Behind the Ebell of Los Angeles Mediterranean Revival Style building, fronting on busy Wilshire Blvd., is a wonderful courtyard garden designed by Florence Yoch and Lucile Council, young garden designers practicing in Los Angeles in the 1920s when the ladies of the Ebell commissioned them to create a landscape plan for their new club house.
Local landscape designer Libby Simon has shared with the Buzz her wonderfully researched narrative about the garden, now published in “Eden,” the quarterly journal of the California Garden & Landscape History Society (CGLHS), an organization dedicated to promoting wider knowledge, preservation, and restoration of California’s historic gardens and landscapes.
“The new Ebell became a cornerstone of gentility and culture for the neighborhoods of Windsor Square, Hancock Park, and Fremont Place,” wrote Simon. Â “The club membership insisted that a female landscape architect be hired, and Florence Yoch and Lucile Council were chosen to design the interior courtyard garden and the exterior landscaping.”
In her research through the Ebell archives,  Simon found the original architectural plans for the building, plus receipts for every plant, pottery piece, and all the items purchased from nurseries and shops for the garden by Yoch and Council (thanks to the dedication of the current Ebell members to preserving the club’s history). The Ebell still serves as a women’s club and welcomes new members interested in its mission of philanthropy, service to the community and life-long learning.

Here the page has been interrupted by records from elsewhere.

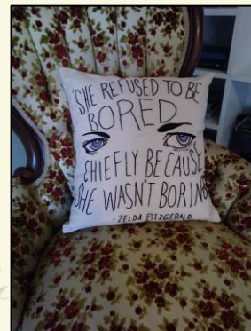
Quote by Zelda Fitzgerald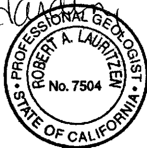
Robert A. Lauritzen Senior Geologist, P.G. No. 7504

Figure 1: Potentiometric Map Table 1: Groundwater Monitoring Data and Analytical Results Table 2: Dissolved Oxygen Concentrations Table 3: Groundwater Analytical Results - Oxygenate Compounds Attachments: Standard Operating Procedure - Groundwater Sampling Field Data Sheets Chain of Custody Document and Laboratory Analytical Reports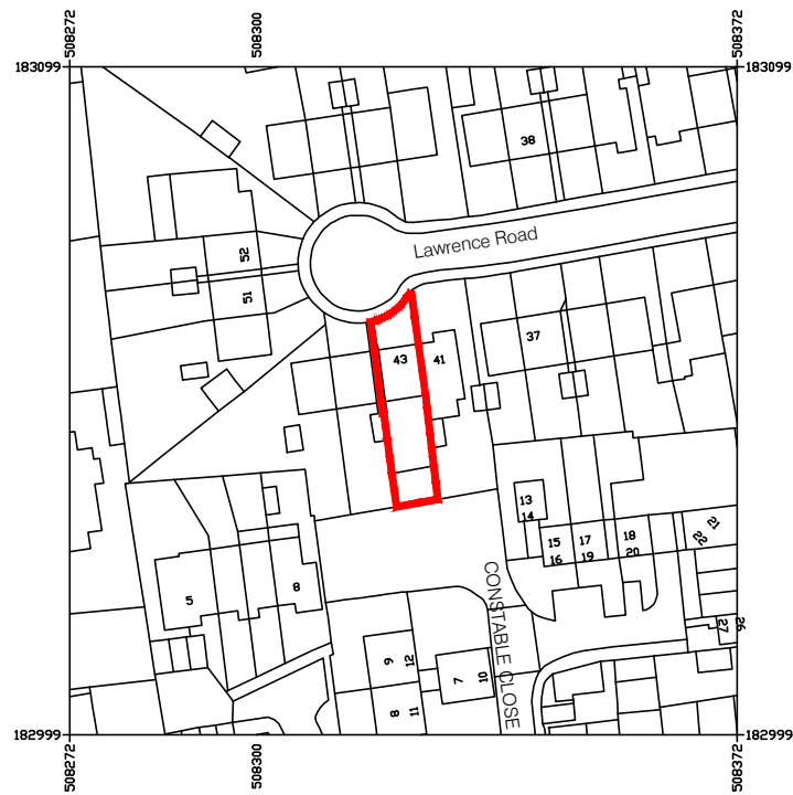
Location Plan scale 1:1250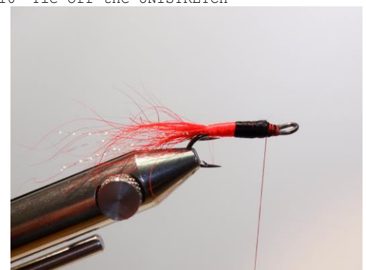
12 Wind the UNISTRETCH to the center of the hook shank and then back to the front of the hook shank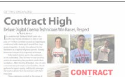
EMBEDDED PHOTO SETS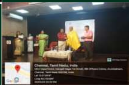
INTERNATIONAL FACULTY DEVELOPMENT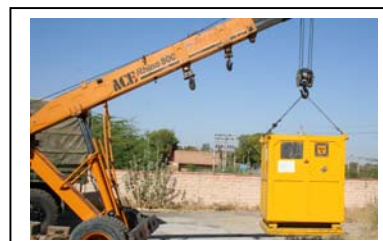
Gamma Chamber (GC- 5000) for export to Poland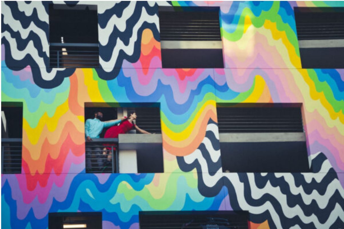
Heidi Duckler Dance.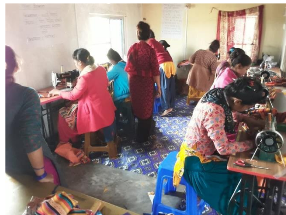
WOMEN GETTING TRAINING OF SEWING AND CUTTING

75 marginalized rural women and youth received advance training packages and running garments factory. They also created market oriented job. Rural women received advance training and enhance their knowledge and skills that have built their confident and run their small business to skip from poverty and slavery. Created common platform and opportunity for the marginalized women and poor families to access into economic activities which is supporting to their livelihood. The women and young girls are started to become good entrepreneurs for their regular income and created job in the community. Every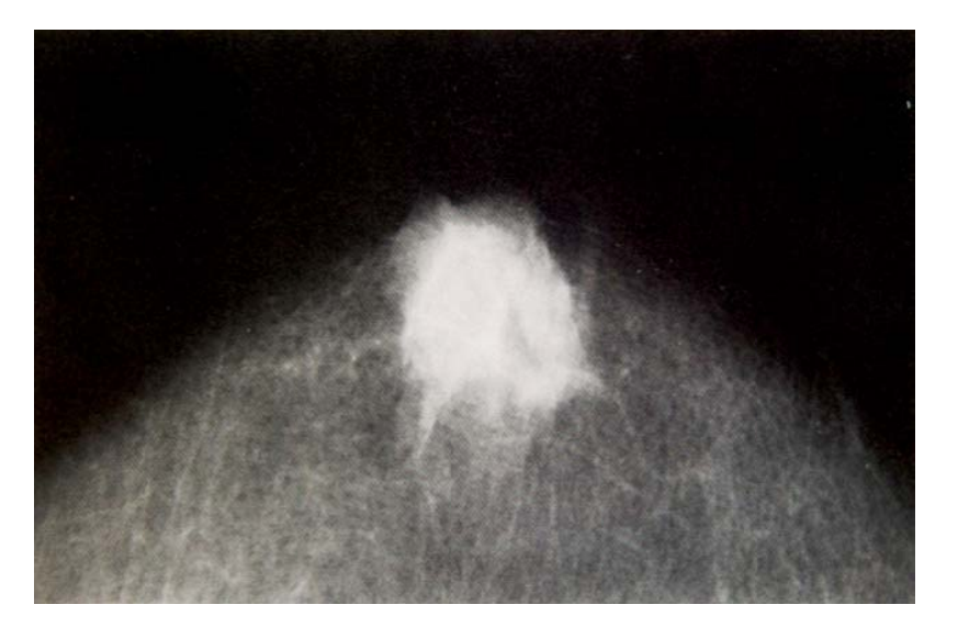
Figure 1. Right breast craniocaudal view. Mammography of the right breast shows a central mass with no micro calcifications.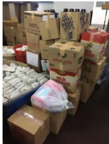
Through the cash donation from Brandix, water bottles were purchased from Cargills Ceylon PLC to be distributed to affected communities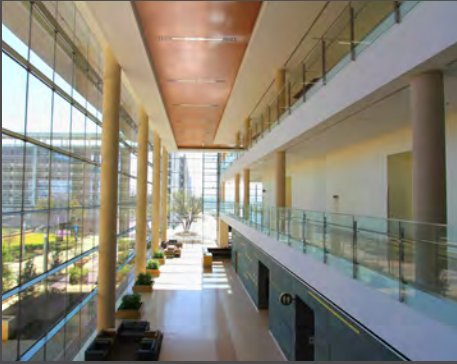
PARKLAND HOSPITAL Dallas, TX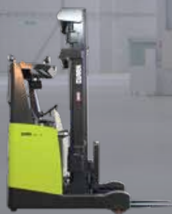
Reach truck 1.400 / 1.600 kg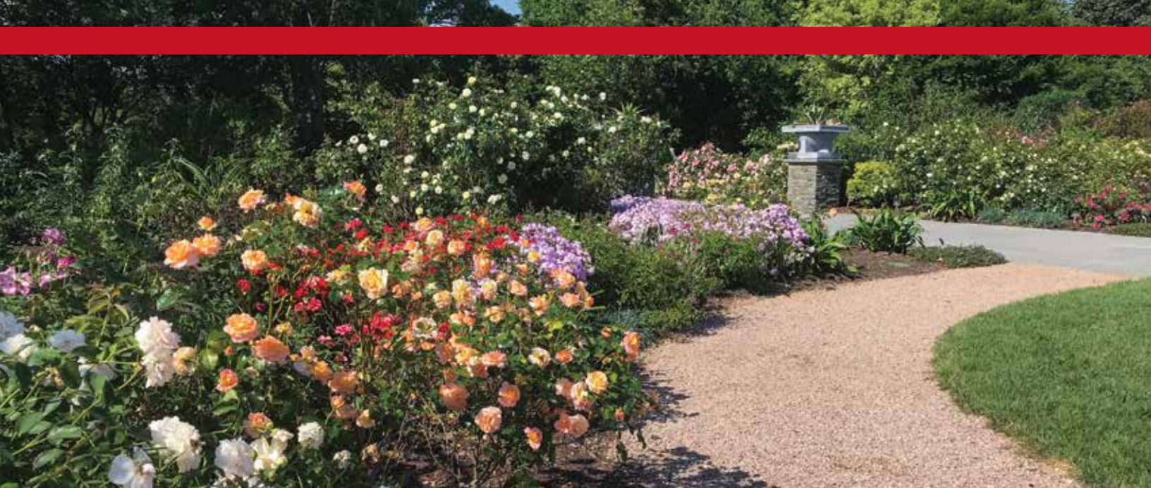
Vine support on the Bobby G. Wilder Visitor Center

Simon, formerly an animation artist and currently a CGLHS board member, is a graduate of UCLA Extension’s Landscape Architecture program. Now designing residential gardens, she has also been involved in historic preservation, having completed Historic American Landscape Surveys of the San Gabriel Mission, the Los Angeles Ebell garden, and the Old Zoo at Griffith Park.
Membership in the California Garden & Landscape History Society is open to landscape architects, scholars, garden directors, designers, historians, preservationists, writers, librarians, educators, government professionals, and – of course – passionate gardeners and plant lovers.  For more information on CGLHS membership, see www.cglhs.org.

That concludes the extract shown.